For MBT using state-based models, test generation algorithm usually traverse the state space starting in an initial state and guided by a certain coverage criteria (e.g. state coverage) collecting the execution paths in a test suite. Event-B models do not have an explicit state space, but its state space is given by value of the variables and the state is changed by the execution of events that are enabled in that state. ProB tool has a good grip of the state space, being able to explore it, visualize it and verify various properties using model checking algorithms. Such model checking algorithms can be used to explore the state space of Event-B models using certain coverage criteria (e.g. event coverage) and thus generating test cases along the traversal.
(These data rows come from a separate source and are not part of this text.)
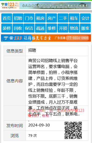 商贸公司招聘线上销售平台运营两名,要求懂电脑,会简单修图,拍照,小程序搭建,产品上传,订货系统维护,而且也需要学习一定的线上销售经验,年龄不限,性别不限。底薪三千,销售业绩提成,月入过万不是难事,工作地点在茄子河,早七点半,下午五点,联系电话,微信15046406678.张经理15046406678
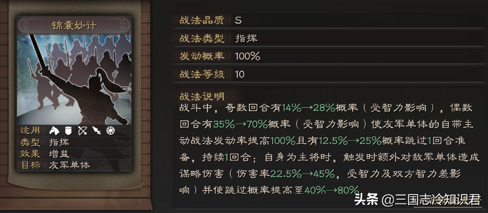 而SP诸葛亮的自带战法每回合有一定概率让友军单体的自带战法发动率提升100%(奇数回合概率低,偶数回合概率高),其实简单理解就是帮助友军单体发动一次自带战法,并且能够有几率跳过一回合准备,这是妥妥的辅助战法。自身为主将时跳过概率可以高达80%,应该说对于蜀国阵容中自带准备主动战法的队友来说帮助很大(特别是发动概率=40%的战法),比如庞统,关羽,黄忠。即便自带瞬发战法的武将,也可以把原先很低的发动率直接提升,比如同为西蜀之智缘分的法正和徐庶,自带战法的发动率也都只有35%。
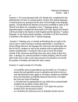 D093 - DIM4 TASK 3: DETERMINING IMPACT ON LEARNERS - A. Identify one ...
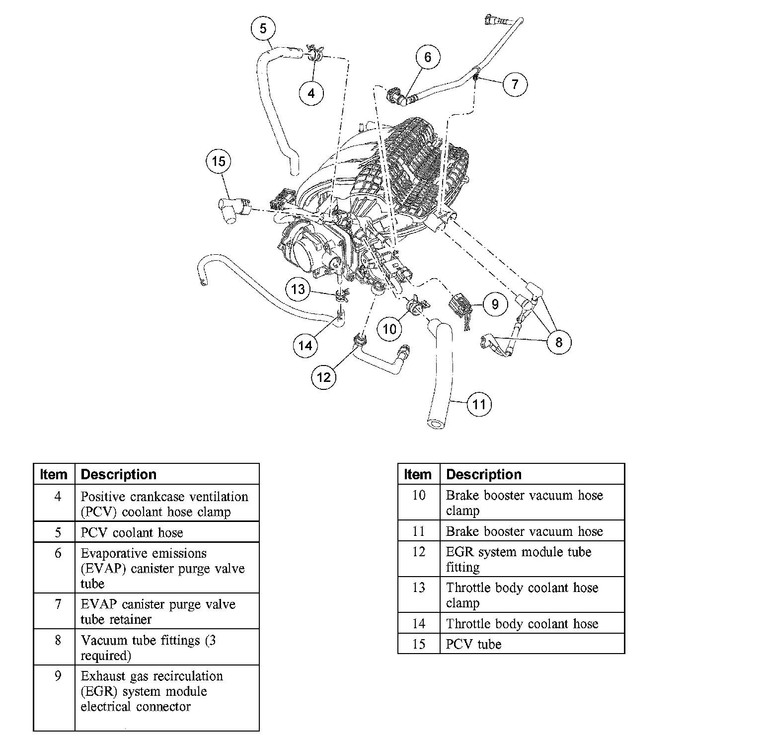 6. Disconnect the positive crankcase ventilation (PCV), brake booster and vacuum harness tubes from the upper intake manifold.

Moreover, the input data that allows to trigger the different events will provide the test data associated with the test cases.
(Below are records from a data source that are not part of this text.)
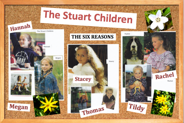 It was joyous fun to create the Stuart children. By the time I fully developed each child in age and personality, and saw them through the storylines and conflicts of FOR SIX GOOD REASONS, my heart grew bonded to these kids—as if I’d helped raise them myself. The Stuarts were great kids. The two oldest girls Hannah and Megan only twelve and ten, try so hard to be a help to Alice—wanting their family to stay together. Stacey, eight, outgoing and feisty, and little Rachel, seven, sweet and shy, are both heart-stealers. And the rambunctious, inquisitive five-year-old twins Thomas and Tildy constantly steal the show in the book, as little children of that age always seem to do. Thomas, in particular, with five older sisters is especially drawn to Harrison, and despite himself Harrison feels a pull toward Thomas, too, remembering being the younger brother of older sisters himself.
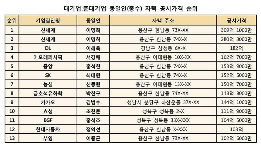비즈한국이 대기업과 준대기업의 동일인으로 지정된 재벌 총수 67인의 거주지 공시가격을 조사해 순위를 매겼다. 박삼구(금호아시아나)·김홍국(하림)·유정현(넥슨)·구교운(대방건설)·송치형(두나무)·김웅기(글로벌세아) 회장은 자택 주소지를 공개하지 않았고, 박문덕(하이트진로) 회장은 기존 주택을 허물고 새 단독주택을 짓고 있어 대상에서 제외했다.
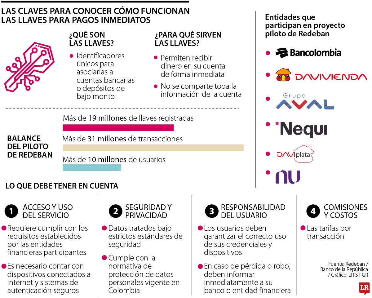 Desde ya se puede prever el modelo con las llaves del piloto creado por Redeban para preparar a las personas y las entidades financieras. Ana María Prieto, directora de Sistemas de Pago del Banco de la República, describió las llaves como una forma de identificación de los usuarios en el nuevo sistema Bre-B, siendo esencial para que los ciudadanos reciban sus pagos de manera inmediata.
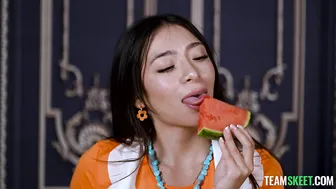 Description: Amber Summer doesn t take being the TeamSkeet All Star of the month lightly. Can you imagine how good her tongue split would feel running around your hard cock If you want her to get a taste of your cum you ll have to take her on a date first. She loves sushi dinners sleeping with fans and tempting her date with everything she can put in her mouth until he s ready for some hardcore missionary right on the restaurant table.

Given the above considerations, the following choices and decisions have been made:

  • First, model-checking algorithms
  • constraint solving
  • using meta-heuristic search algorithms

Available Documentation

Papers describing previous work:

  • M. Satpathy, M. Butler, M. Leuschel, S. Ramesh. Automatic Testing from Formal Specifications. In Proc. of TAP'07, pp. 95-113, LNCS 4454, Springer, 2007.
  • S. Wieczorek, V. Kozyura, A. Roth, M. Leuschel, J. Bendisposto, D. Plagge, I. Schieferdecker. Applying Model Checking to Generate Model-Based Integration Tests from Choreography Models. In Proc. of TestCom/FATES 2009, pp. 179-194, IEEE Computer Society, 2009.
  • R. Lefticaru, F. Ipate. Functional Search-based Testing from State Machines. In Proc. of ICST 2008, pp. 525-528, IEEE Computer Society, 2008.
  • S. Wieczorek, A. Stefanescu. Improving Testing of Enterprise Systems by Model-Based Testing on Graphical User Interfaces. In Proc. of the Satellite Workshops of ECBS'10. pp. 352-357, IEEE Computer Society, 2010.

Planning

In the fourth year of the project, the work on MBT will continue in a sustained pace in order to support the work of the deployment partners. SAP for instance has MBT as one of its main focus deployment area in the last year of the project. The tool provider Duesseldorf will continue to improve the MBT tooling by improving its constraint solver (based on KodKod). University of Pitesti will experiment with different fitness functions adapted to the concrete coverage requirements requested by the DPs. Finally, the tool provides may investigate the MBT requirements of SSF use case (i.e., how feasible is to generate test cases from the Event-B models for Bepi Colombo use case).